Unnamed: 0.1,Unnamed: 0,tmsp,country,amount,success,PSP,3D_secured,card
0,0,2019-01-01 00:01:11,Germany,89,0,UK_Card,0,Visa
1,1,2019-01-01 00:01:17,Germany,89,1,UK_Card,0,Visa
2,2,2019-01-01 00:02:49,Germany,238,0,UK_Card,1,Diners
3,3,2019-01-01 00:03:13,Germany,238,1,UK_Card,1,Diners
4,4,2019-01-01 00:04:33,Austria,124,0,Simplecard,0,Diners


In [5]:
dataset = dataset.drop('Unnamed: 0', axis=1)

In [6]:
# make timestamp the index for easier analysis
dataset = dataset.set_index(dataset.columns[0])

In [7]:
dataset.head()

Unnamed: 0_level_0,country,amount,success,PSP,3D_secured,card
tmsp,Unnamed: 1_level_1,Unnamed: 2_level_1,Unnamed: 3_level_1,Unnamed: 4_level_1,Unnamed: 5_level_1,Unnamed: 6_level_1
2019-01-01 00:01:11,Germany,89,0,UK_Card,0,Visa
2019-01-01 00:01:17,Germany,89,1,UK_Card,0,Visa
2019-01-01 00:02:49,Germany,238,0,UK_Card,1,Diners
2019-01-01 00:03:13,Germany,238,1,UK_Card,1,Diners
2019-01-01 00:04:33,Austria,124,0,Simplecard,0,Diners


In [8]:
# add a feature field to hold the order of the dates - for the base model
dataset['date_order'] = np.arange(len(dataset.index))

#### Identify fields with missing data

In [9]:
# Print the number of missing entries in each column
print(dataset.isna().sum())

country       0
amount        0
success       0
PSP           0
3D_secured    0
card          0
date_order    0
dtype: int64


## 1. Creation of a Base Model

### 1a.
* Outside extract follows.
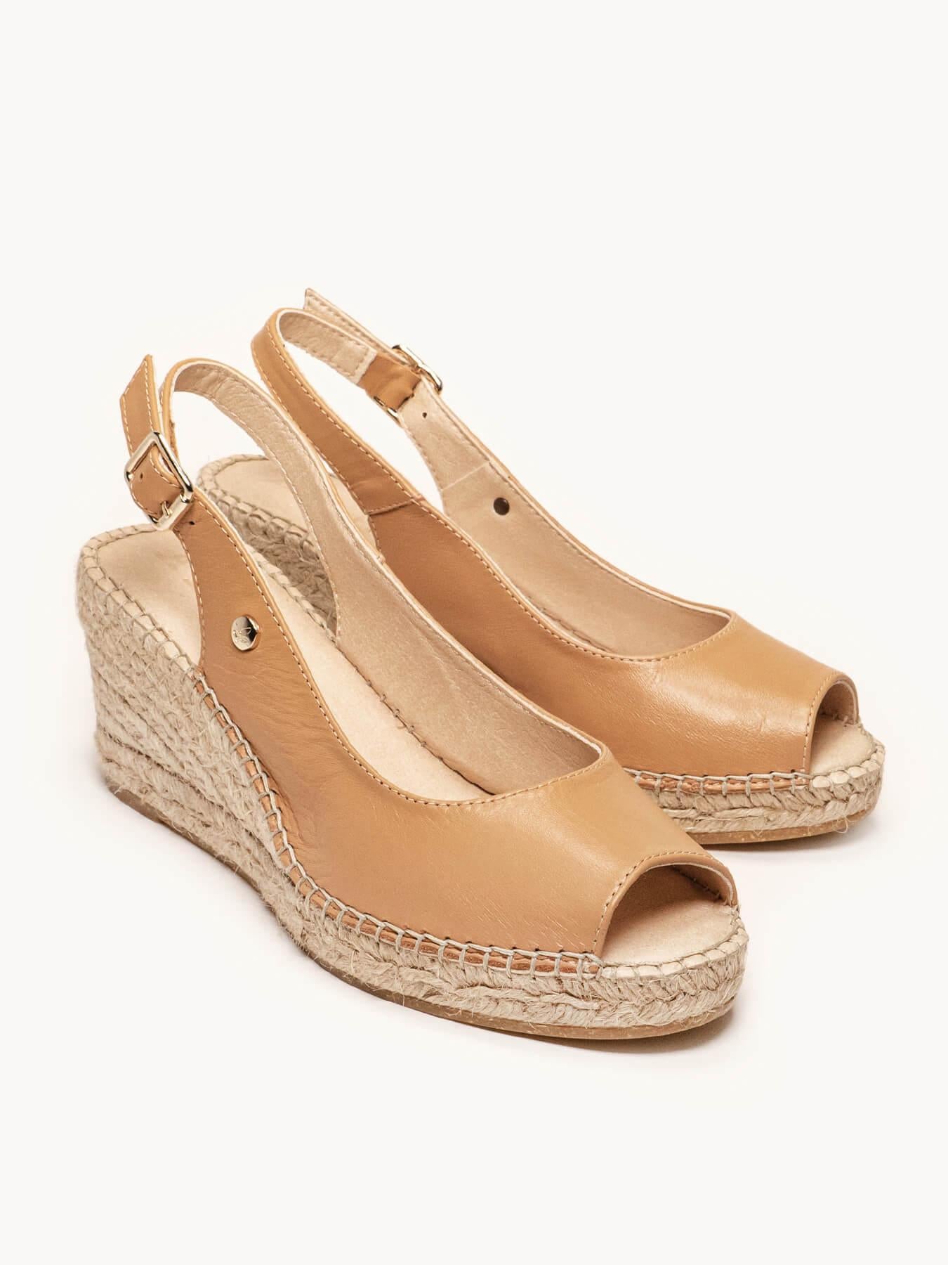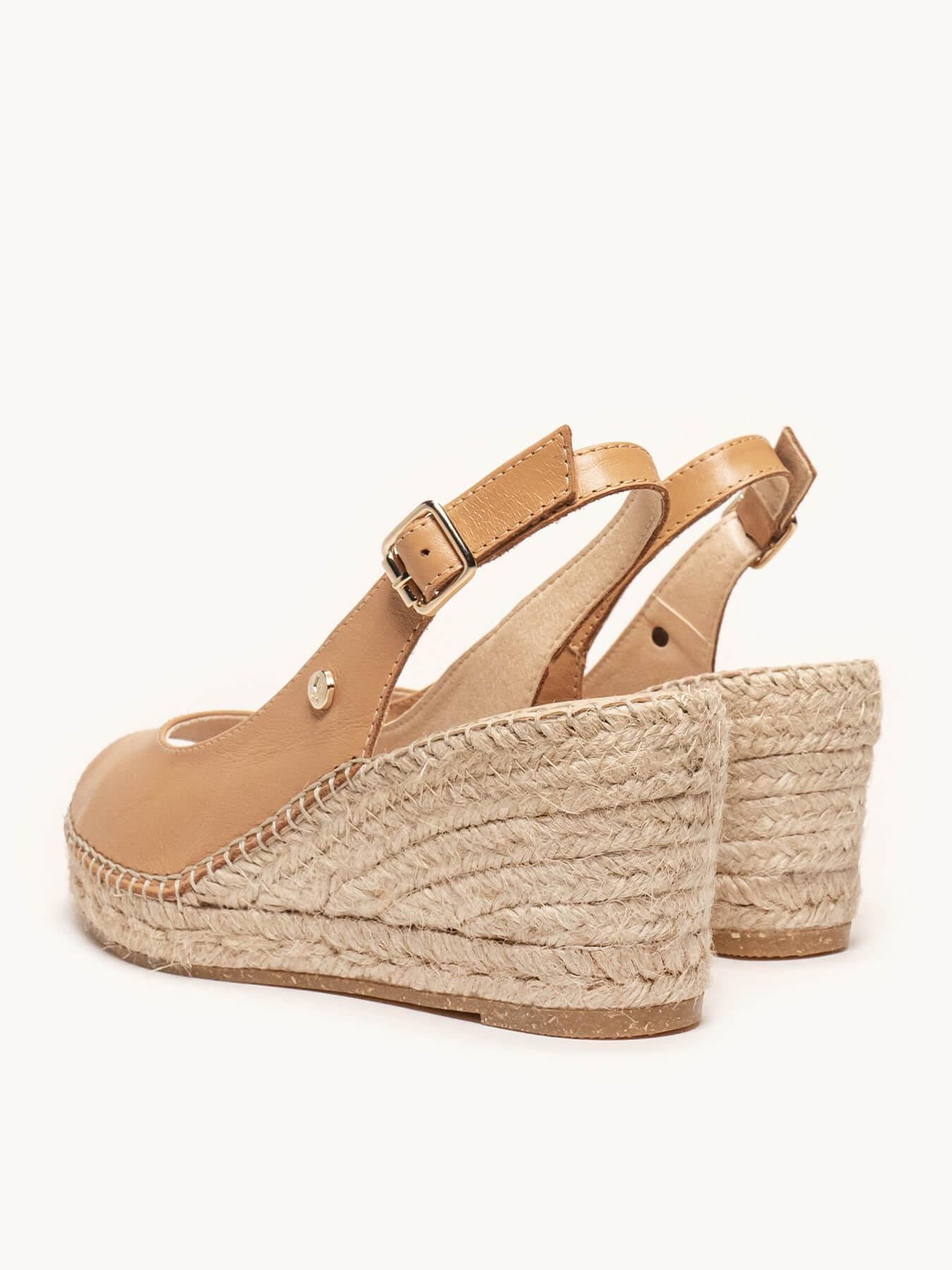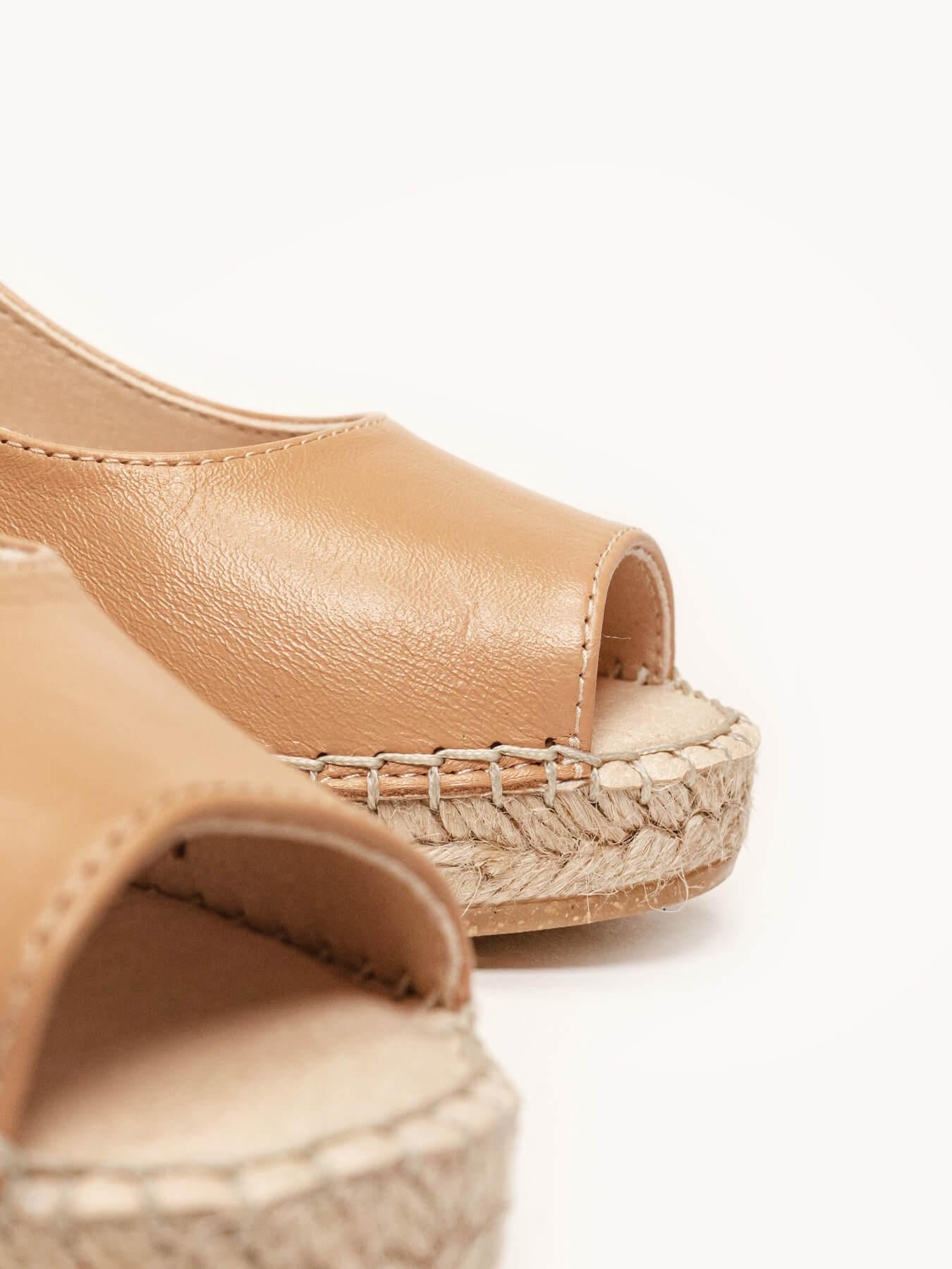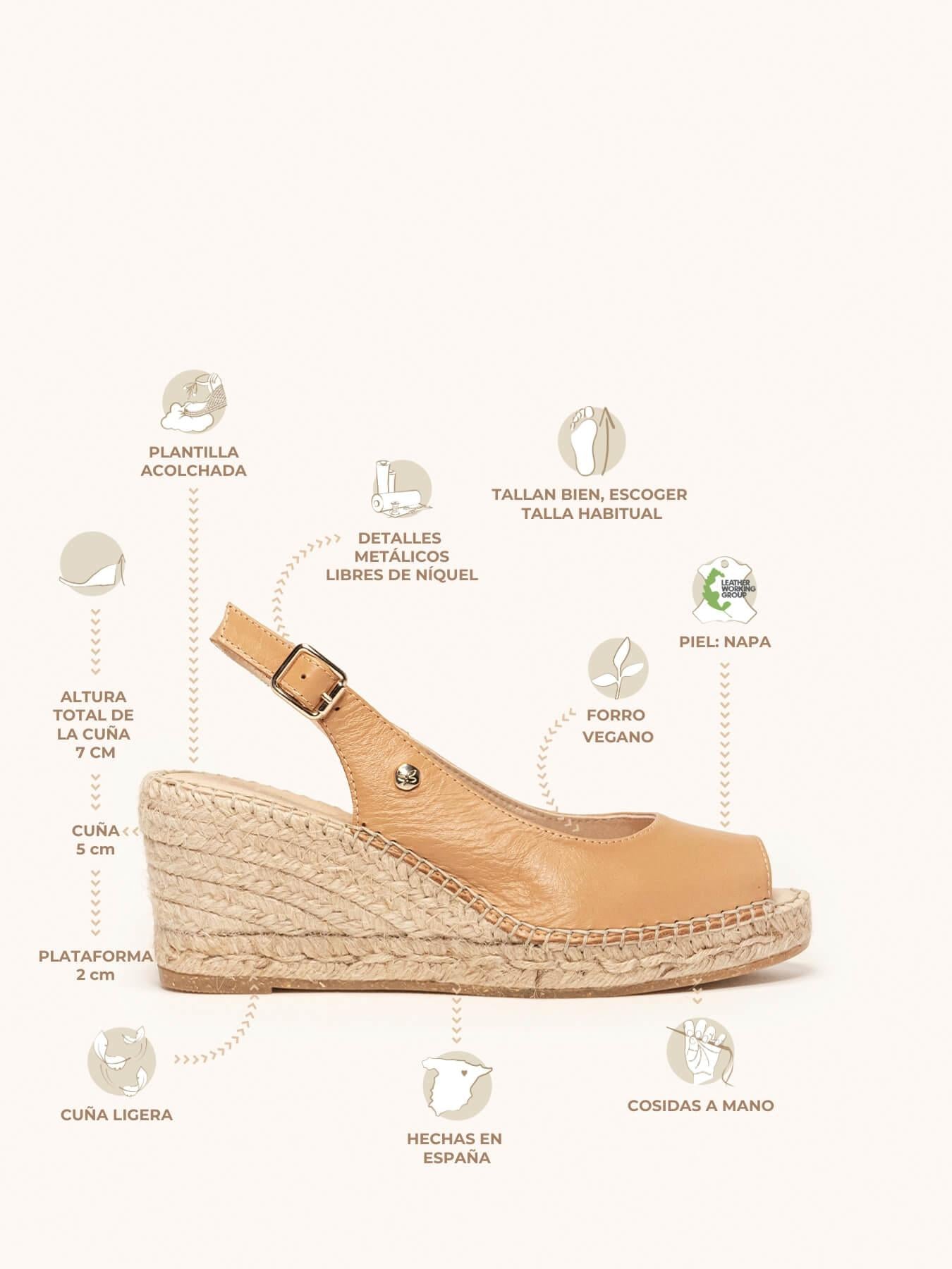 - La Napa de la alpargata Clavel está certificada por el Leather Working Group (una organización que promueve prácticas ambientales sostenibles). El forro y la plantilla son de microfibra transpirable y antibacteriana. Cuña de trenza de yute natural con suela de goma reciclada mezclada con fibras naturales. Elementos metálicos libres de níquel. Hilo de algodón cosido a mano.

Base model data preparation

In [10]:
# create a copy of the dataset
base_dataset = dataset.copy()

In [11]:
base_dataset.head()

Unnamed: 0_level_0,country,amount,success,PSP,3D_secured,card,date_order
tmsp,Unnamed: 1_level_1,Unnamed: 2_level_1,Unnamed: 3_level_1,Unnamed: 4_level_1,Unnamed: 5_level_1,Unnamed: 6_level_1,Unnamed: 7_level_1
2019-01-01 00:01:11,Germany,89,0,UK_Card,0,Visa,0
2019-01-01 00:01:17,Germany,89,1,UK_Card,0,Visa,1
2019-01-01 00:02:49,Germany,238,0,UK_Card,1,Diners,2
2019-01-01 00:03:13,Germany,238,1,UK_Card,1,Diners,3
2019-01-01 00:04:33,Austria,124,0,Simplecard,0,Diners,4


#### 1ai. Check the unique values in the categorical variables and the label

In [12]:
base_dataset['country'].nunique()

3

In [13]:
base_dataset['card'].nunique()

3

In [14]:
base_dataset['PSP'].nunique()

4

#### 1aii. Deal with missing data in the feature variables vector matrix
* As noted above, there is no missing data

#### 1aiii. Encoding of categorical feature variables and label and defining feature variable and dependent variable vector matrices for the base model

In [15]:
base_dataset.head(1)

Unnamed: 0_level_0,country,amount,success,PSP,3D_secured,card,date_order
tmsp,Unnamed: 1_level_1,Unnamed: 2_level_1,Unnamed: 3_level_1,Unnamed: 4_level_1,Unnamed: 5_level_1,Unnamed: 6_level_1,Unnamed: 7_level_1
2019-01-01 00:01:11,Germany,89,0,UK_Card,0,Visa,0


In [16]:
#define categorical features
cat_features = ['country', 'card']

In [17]:
#encoding the categorical feature variables using OneHotEncoder
ct = ColumnTransformer(transformers=[('encoder', OneHotEncoder(),cat_features)], remainder='passthrough')
X_base = np.array(ct.fit_transform(base_dataset.drop('PSP', axis=1)))

In [18]:
print(X_base[2])

[  0.   1.   0.   1.   0.   0. 238.   0.   1.   2.]


In [19]:
#encoding the label using LabelEncoder
le = LabelEncoder()
y_base = le.fit_transform(base_dataset['PSP'])

In [20]:
print(y_base[2])

3


#### 1aiv. Split the data into training set and the test set

In [21]:
X_base_train, X_base_test, y_base_train, y_base_test = train_test_split(X_base, y_base, test_size=0.2,random_state=30)

In [22]:
print(X_base_train[2])

[0.0000e+00 1.0000e+00 0.0000e+00 0.0000e+00 1.0000e+00 0.0000e+00
 2.6100e+02 0.0000e+00 1.0000e+00 1.7732e+04]


#### 1av. Feature scaling

In [23]:
# scaling all the non-encoded columns on both train and test set
sc = StandardScaler()
X_base_train[:,6:] = sc.fit_transform(X_base_train[:,6:]) #fitting is done only with the train set
X_base_test[:,6:] = sc.transform(X_base_test[:,6:]) #scale test data using the fitted scaler

In [24]:
print(X_base_train[1])

[ 0.          1.          0.          0.          1.          0.
  1.43373055  1.98884824  1.79991589 -0.68218692]


In [25]:
print(X_base_test[1])

[ 1.          0.          0.          0.          1.          0.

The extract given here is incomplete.